TASK BRIEF:
Every line of the listing below is to be repeated exactly; the pictures stay out.

DATASET EXCERPT:
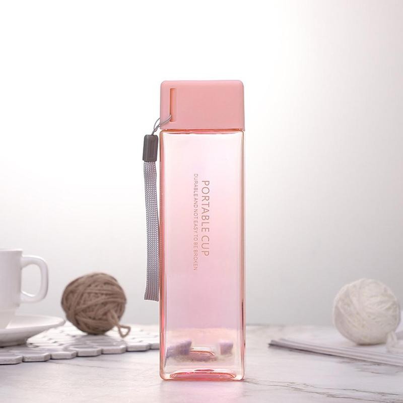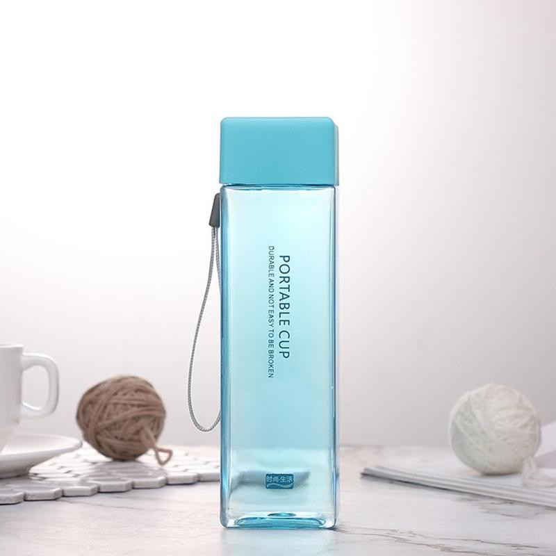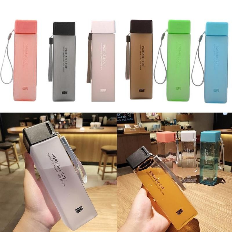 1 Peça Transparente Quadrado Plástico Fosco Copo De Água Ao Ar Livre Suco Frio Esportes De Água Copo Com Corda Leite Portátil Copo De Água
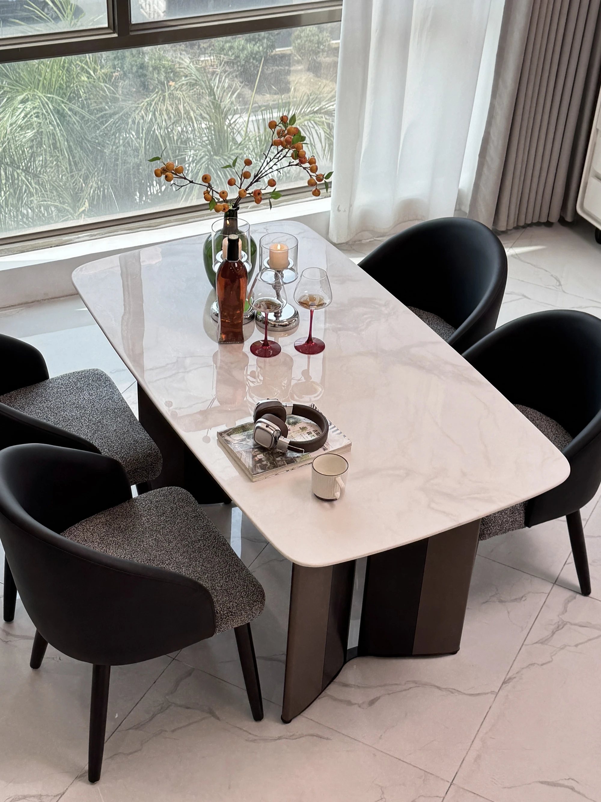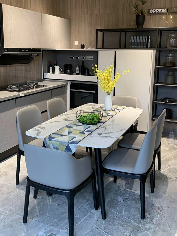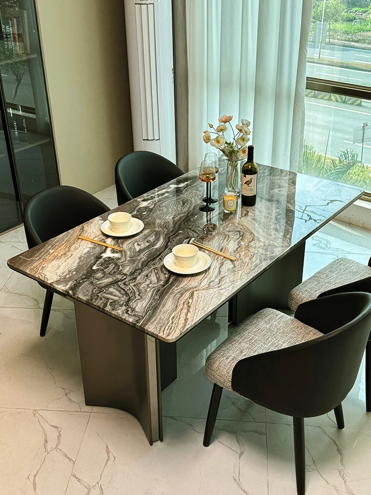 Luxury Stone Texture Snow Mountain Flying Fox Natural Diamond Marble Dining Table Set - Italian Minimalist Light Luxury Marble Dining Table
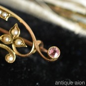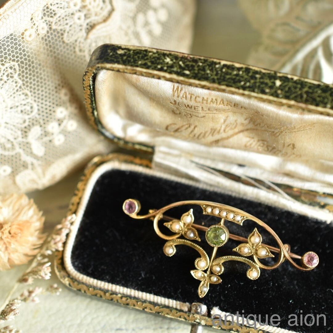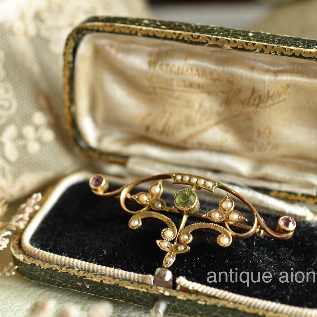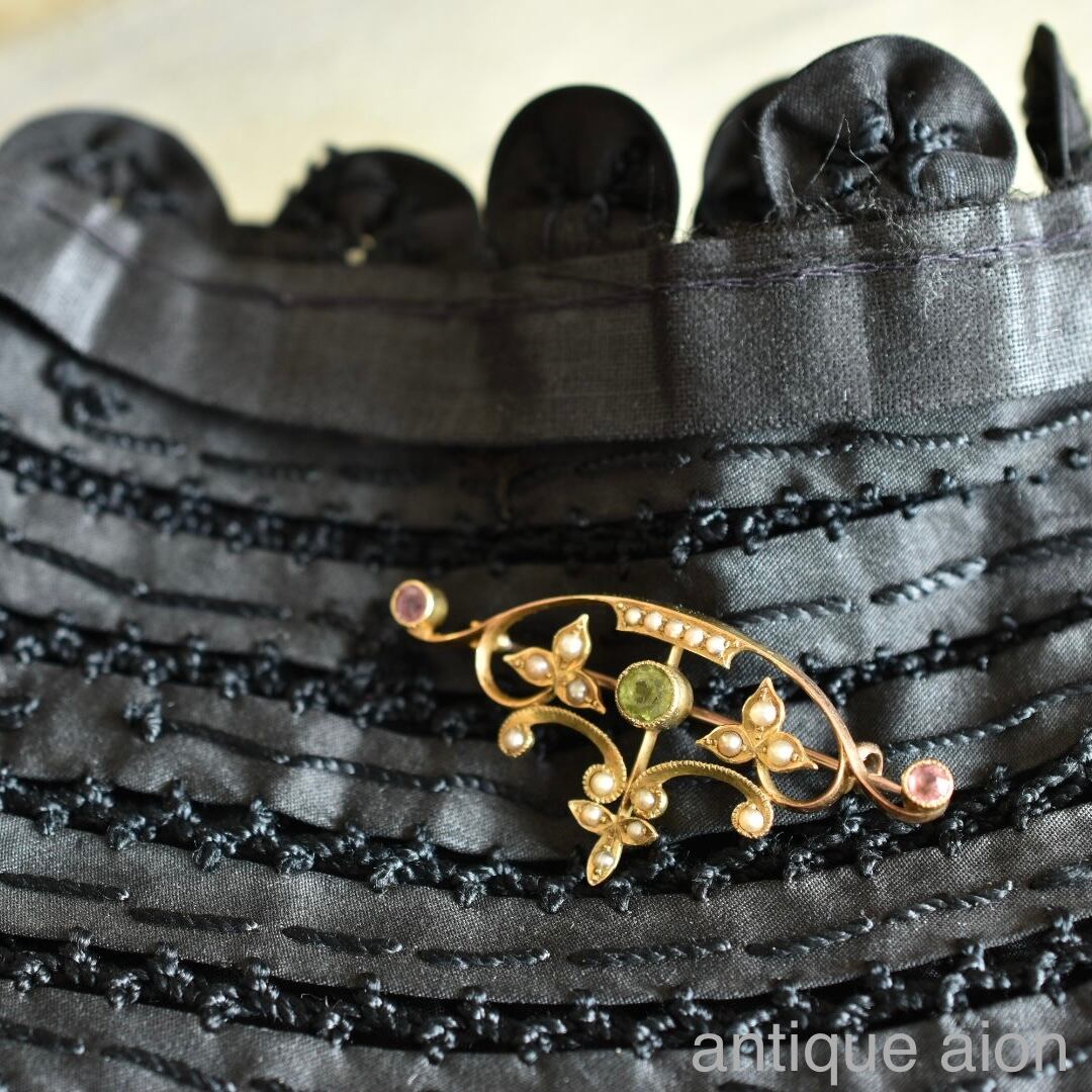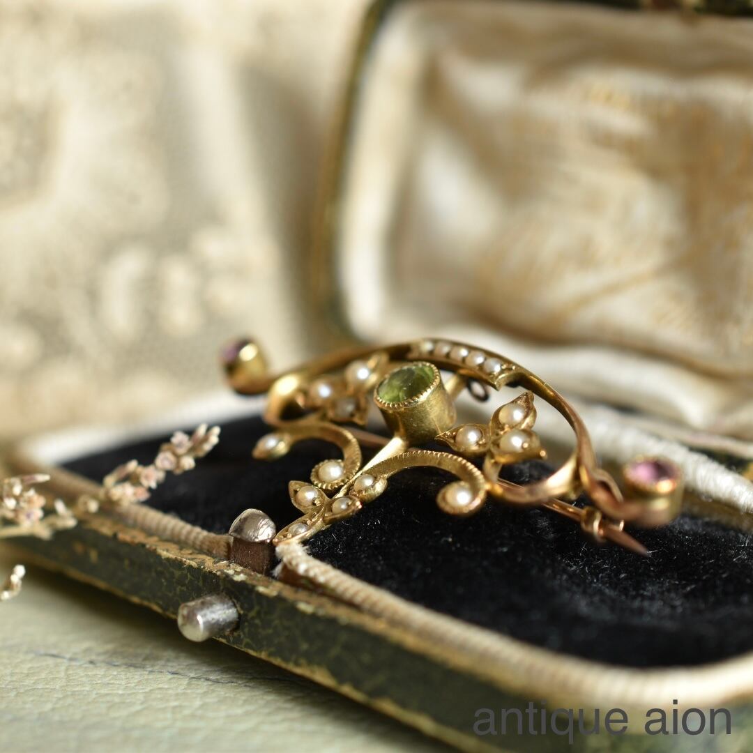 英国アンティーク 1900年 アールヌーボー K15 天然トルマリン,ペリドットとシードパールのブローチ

TASK RESULT:
 1 Peça Transparente Quadrado Plástico Fosco Copo De Água Ao Ar Livre Suco Frio Esportes De Água Copo Com Corda Leite Portátil Copo De Água
 Luxury Stone Texture Snow Mountain Flying Fox Natural Diamond Marble Dining Table Set - Italian Minimalist Light Luxury Marble Dining Table
 英国アンティーク 1900年 アールヌーボー K15 天然トルマリン,ペリドットとシードパールのブローチ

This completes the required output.